Surgical Technique
All surgeries were performed using a routine sternotomy incision. Except for arterial cannulation in the ascending aorta, ductal cannulation was used to ensure distal perfusion. Bicaval venous cannulation was performed to avoid hypothermic circulatory arrest while repairing the intracardiac anomaly. Myocardial protection was accomplished with a single dose of histidine-tryptophan-ketoglutarate solution, regardless of the length of aortic clamping.
These 11 procedures were completed by four surgeons at our center. Therefore, the sequence and details of the repair might vary depending on the surgeon’s preference. Except for the first patient in which the VSD was closed before aortic arch reconstruction in order for the temperature to reach 18°C, the repair of the IAA was routinely performed after aortic clamping at 25–28°C core temperature. At that point, aortic cannulation in the ascending aorta was transferred into the innominate artery, and systemic arterial perfusion was stopped while selective antegrade cerebral perfusion was used. Extended resection, including the ductal tissue, was performed, and three different approaches were used for arch repair. The first three patients underwent extended end-to-end anastomosis before 2012. Subsequently, aortic arch reconstruction, including the first posterior hemi-anastomosis between the posterior walls of the distal arch and the proximal descending aorta, and then enlargement of the arch with glutaraldehyde-treated autologous pericardial patches was performed in seven patients. A 16-mm intergard woven vascular graft (Maquet, La Ciotat, France) was used for a 6-year-old child.

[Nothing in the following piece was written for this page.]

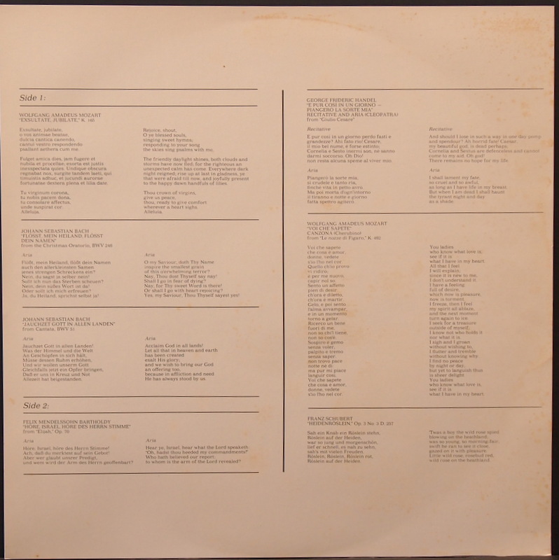 | Artist | BACH, ELLY AMELING, HANDEL, MENDELSSOHN BARTHOLDY, MOZART, SCHUBERT |

After IAA repair was completed, arterial cannulation was moved back into the ascending aorta, and extracorporeal perfusion was resumed. Subsequently, VSD closure and ASO were performed. The VSD was closed with a Dacron patch through the tricuspid valve in two patients, through the tricuspid valve and original pulmonary valve in seven patients, or even through an infundibulotomy incision in two patients, among whom a non-committed VSD was present in one. An approximate 5 mm fenestration was left in the VSD patch in two older patients (4-year and 6-year-old), in case of persistent postoperative pulmonary hypertension (PHT).
After harvesting from the original aortic root, the coronary buttons were anastomosed to the original pulmonary root with the most favorable orientation to avoid significant angulation of the coronary arteries using the trap-door technique. When the discrepancy between the great vessels was remarkable, part of the wall of the neoaortic non-coronary sinus was stitched together using a continuous 5/0 or 6/0 Prolene suture to diminish the size of the neoaortic root to suit the proximal ascending aorta. The Lecompte maneuver was used in all patients except one whose great vessel relationship was side by side. Resection of the prominent parietal and septal bands was accomplished carefully through the original pulmonary root in two of the four patients with RVOTO to avoid injury to the neoaortic valve. In the other two patients, an infundibulotomy incision was required. Two patients were diagnosed with moderate mitral valve regurgitation preoperatively; posterior annulus constriction with 5/0 Prolene suture was performed to complete mitral valvuloplasty.
Modified ultrafiltration is routinely performed after cardiopulmonary bypass. A left atrial pressure monitoring line was inserted intraoperatively through the atrial septum. Only two patients were transferred to the intensive care unit (ICU) with an open sternum. Operative data are presented in Table 2.